Linear phased array coils consist of multiple coils and receivers. The signal from the receiver of each coil is combined to form one image. The image has the advantages of both a small coil (improved SNR) and those of the larger volume coils (increased coverage). Therefore, linear phased array coils can be used either to examine large areas such as the entire length of the spine, or to improve signal uniformity and intensity in small areas such as the breast. Figure 1.1 Correct placement of a flat surface receive coil.

Volume phased array (parallel imaging) uses the data from multiple coils or channels arranged around the area under examination to decrease scan time, increase phase resolution or a combination of both. Additional software and hardware are required. The hardware includes several coils perpendicular to each other or one coil with several channels. The number of possible coils/channels varies but currently ranges from 2 to 32 for routine imaging and up to 128 for cardiac imaging.

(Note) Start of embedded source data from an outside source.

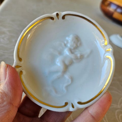 Capodimonte porselen M.A.S pynteskrin med lokk. Skrinet har en dekorativ relieff med figurer og detaljer i gullfarge. Produktet er laget av ekte italiensk porselen og kommer fra Italia. Lekker vase fra samme sted. Det er fra ca 1950 og svært dekorativt. Det er helt strøkent, samleobjekt. Vakkert. Kan selges hver for seg til 900,- pr stk eller begge til 1600,-.
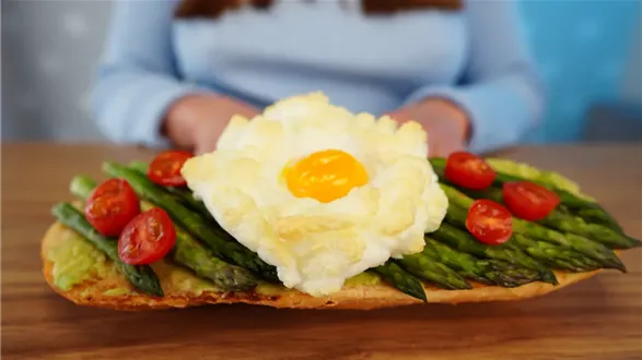 Pyszna kanapka z nietypowym pieczonym jajkiem w chmurce, delikatnymi szparagami i kremowym awokado. Przygotuj ją i zaskocz bliskich nowym pomysłem na wiosenne śniadanie!
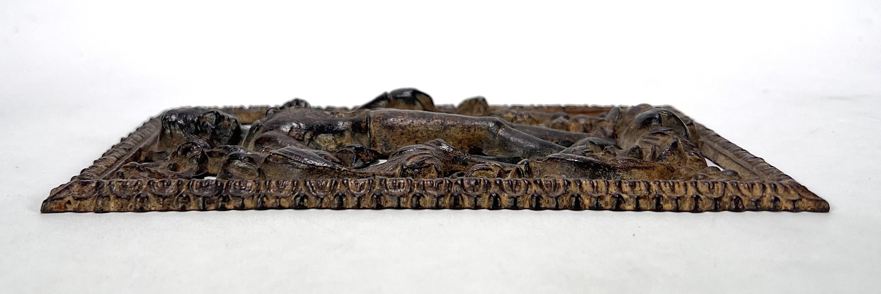 Lot curiosa, vervaardigd uit messing en brons met giettechniek; een rijk gedecoreerde bel zonder klepel met figuratieve reliëfscènes, een messing kandelaar met geprofileerde stam en een opengewerkt rechthoekig ornament. De voorwerpen tonen gedetailleerde ornamentiek. Datering eerste helft van de 20e eeuw en een Europese herkomst. Deze curiosa zelf beoordelen? Je bent welkom op onze kijkdagen op 10, 11 en 12 april! |

During data acquisition, each coil fills its own lines of k‐space (e.g., if two coils are used together, one coil fills the even lines of k‐space and the other the odd lines. k‐space is therefore filled either twice as quickly or with twice the phase resolution in the same scan time). The number of selected coils/channels is generically called the reduction factor and is similar in principle to the turbo factor (TF)/echo train length (ETL) in fast or turbo spin echo (FSE/TSE) (see Pulse sequences). Every coil/channel produces a separate image that often displays aliasing artefact (see Flow phenomena and artefacts). Software called sensitivity encoding and additional algorithms remove this artefact and combine the images from each coil/channel to produce a single unwrapped image. This technology can be used in most examination areas and with any pulse sequence. It is often discussed in the Protocol optimization section in Part 2.

Surface/local coils are traditionally used to improve the SNR when imaging structures near to the skin surface. They are often specially designed to fit a certain area and in general they only receive signal. Surface coils increase SNR compared with volume coils. This is because they are placed close to the region under examination increasing signal amplitude that is generated in the coil, while noise is only received in the vicinity of the coil. However, surface coils only receive signal up to the edges of the coil and to a depth equal to the diameter of the conductive loop of the coil. To visualize structures deep within the patient, either a volume, linear or volume phased array coil or, more rarely, a local coil inserted into an orifice must be utilized (e.g., a rectal coil).

The choice of coil is one of the most important factors that determines the SNR. When using any type of coil remember to:

Check that the cables are intact and undamaged.

Check that the coil is plugged in properly and that the correct connector box is used.